**PROBLEM TO SOLVE:**
Write out every line exactly, from the start of the records below to the line with "Zivilrecht und Token-Ökonomie", and stop there. Don't write out the pictures.

Recorded data:
****
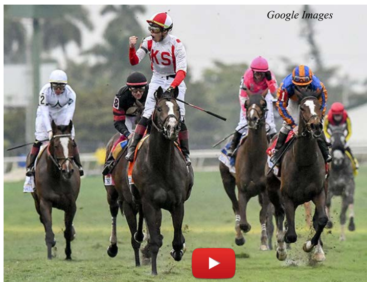
Bricks And Mortar
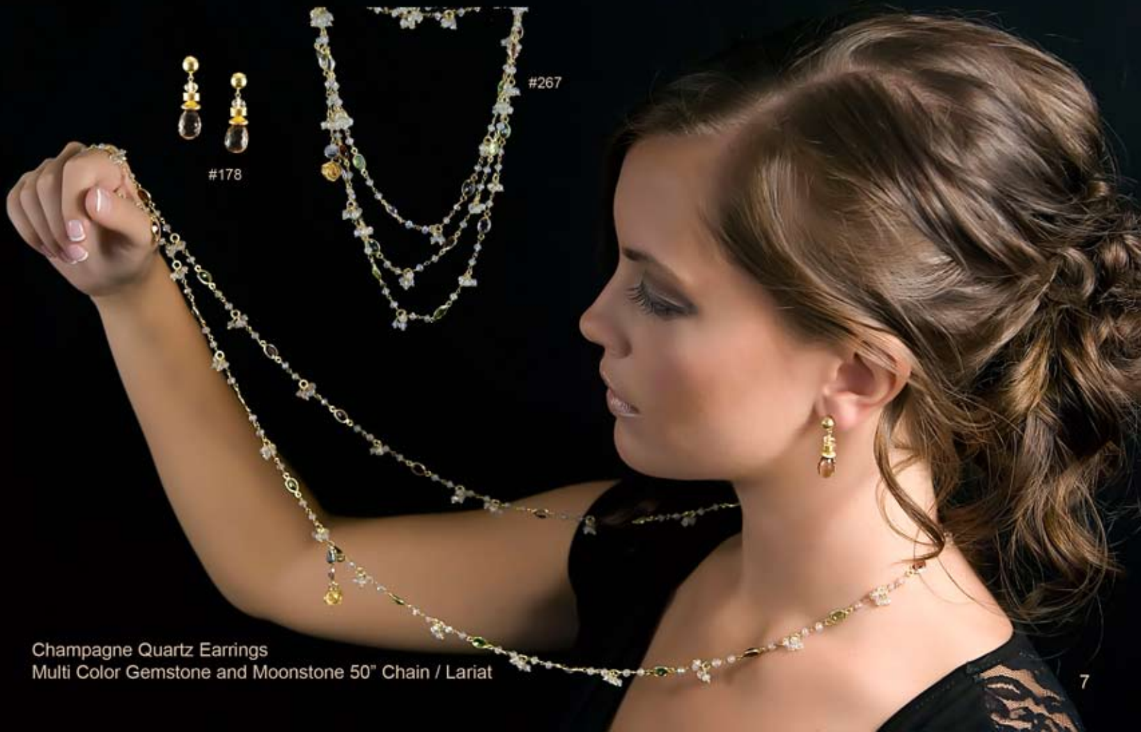
Champagne Quartz Earrings Multi Color Gemstone and Moonstone 50" Chain / Lariat
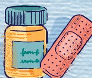
MEDICATIONS & SUPPLIES
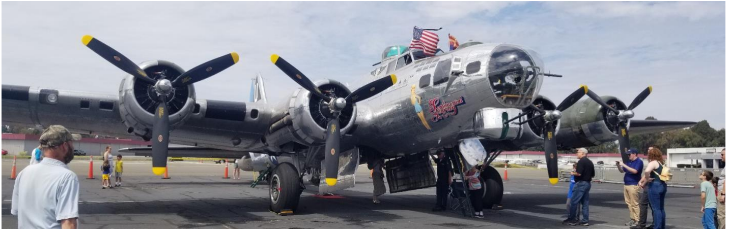
Families lining up to tour the inside of a WWII commemorative B-17 bomber aircraft
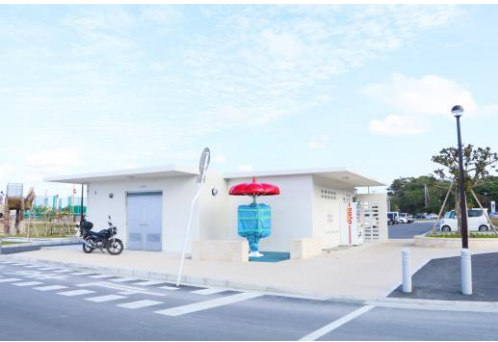
from the series "The Others" Okinawa 2016-2019
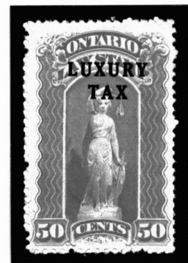
May 14th, 1925
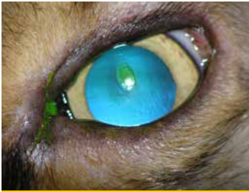
Figure 11. Fluorescein test in a 9-year-old mongrel dog. Fluorescein dyes the corneal stroma at the wound area and the surrounding detached epithelium, less intensely. Typical picture of an indolent corneal ulcer.
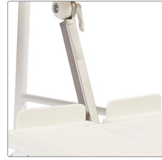
Rod for foot support 8702x
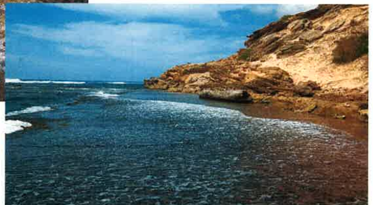
Fin's Office Surf fishing site in South Poipu, Kauai
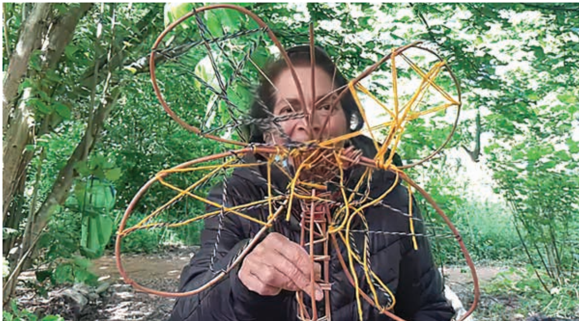
Stick insect: A Forest School member shows off the butterfly-shaped she created from willow sculpture.

The regular Muswell Hill Indoor Car Boot Sale takes place this month on Saturday 27 August from 10am to 1pm at the usual venue of Hornsey Parish Church Hall, on the corner of Cranley Gardens and Park Road, N10 3AH. Admission is 50p and there are refreshments available.
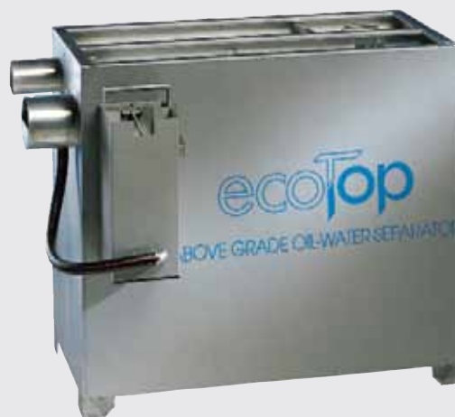
An investment that is built to last: ecoTop's high grade stainless steel vessel.

The outstanding test results achieved at noted testing institutions show that ecoTop will be able to meet even tougher future standards.
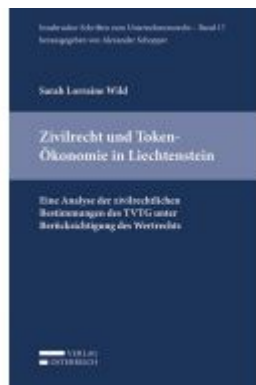
Zivilrecht und Token-Ökonomie in Liechtenstein Ladenpreis: 39,00 EUR
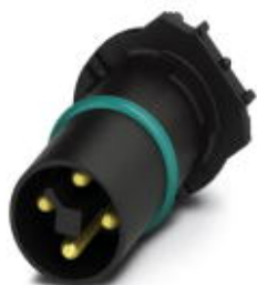
Flush-type connector, Power, 4-position, Plug, straight, T power, PCB mounting, THR solder connection

Please be informed that the data shown in this PDF Document is generated from our Online Catalog. Please find the complete data in the user's documentation. Our General Terms of Use for Downloads are valid ( http://phoenixcontact.com/download )
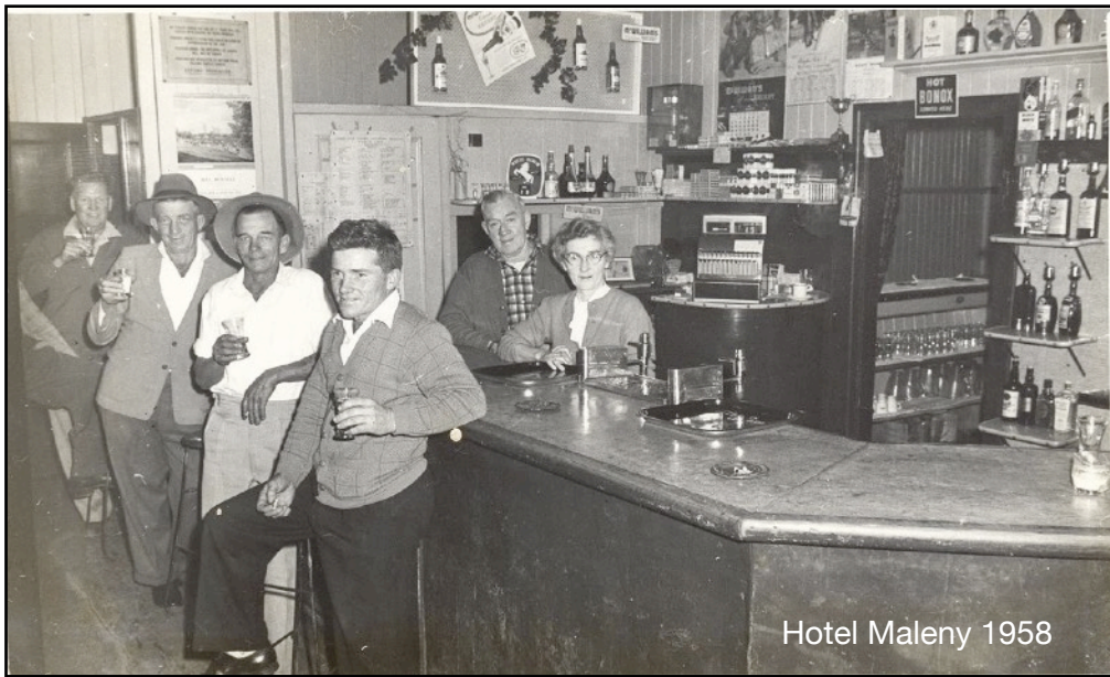
Hotel Maleny 1958
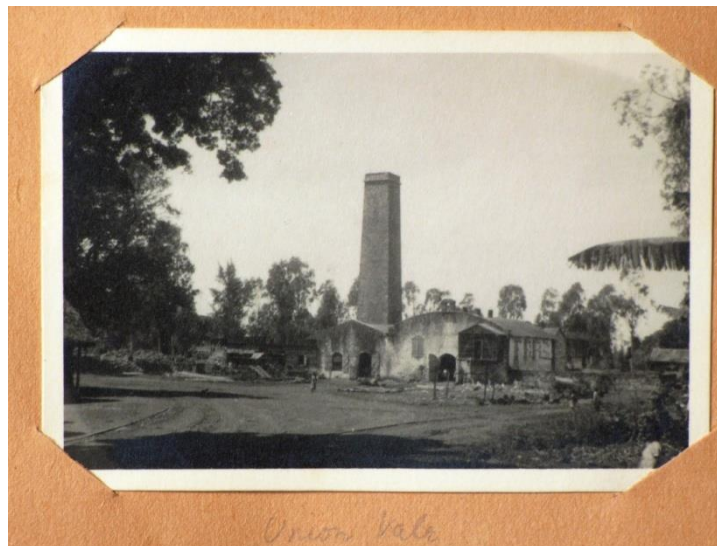
Fig 13. Union Vale Sugar Estate
****
**RESULT BELOW:**
Bricks And Mortar
Champagne Quartz Earrings Multi Color Gemstone and Moonstone 50" Chain / Lariat
MEDICATIONS & SUPPLIES
Families lining up to tour the inside of a WWII commemorative B-17 bomber aircraft
from the series "The Others" Okinawa 2016-2019
May 14th, 1925
Figure 11. Fluorescein test in a 9-year-old mongrel dog. Fluorescein dyes the corneal stroma at the wound area and the surrounding detached epithelium, less intensely. Typical picture of an indolent corneal ulcer.
Rod for foot support 8702x
Fin's Office Surf fishing site in South Poipu, Kauai
Stick insect: A Forest School member shows off the butterfly-shaped she created from willow sculpture.

The regular Muswell Hill Indoor Car Boot Sale takes place this month on Saturday 27 August from 10am to 1pm at the usual venue of Hornsey Parish Church Hall, on the corner of Cranley Gardens and Park Road, N10 3AH. Admission is 50p and there are refreshments available.
An investment that is built to last: ecoTop's high grade stainless steel vessel.

The outstanding test results achieved at noted testing institutions show that ecoTop will be able to meet even tougher future standards.
Zivilrecht und Token-Ökonomie in Liechtenstein Ladenpreis: 39,00 EUR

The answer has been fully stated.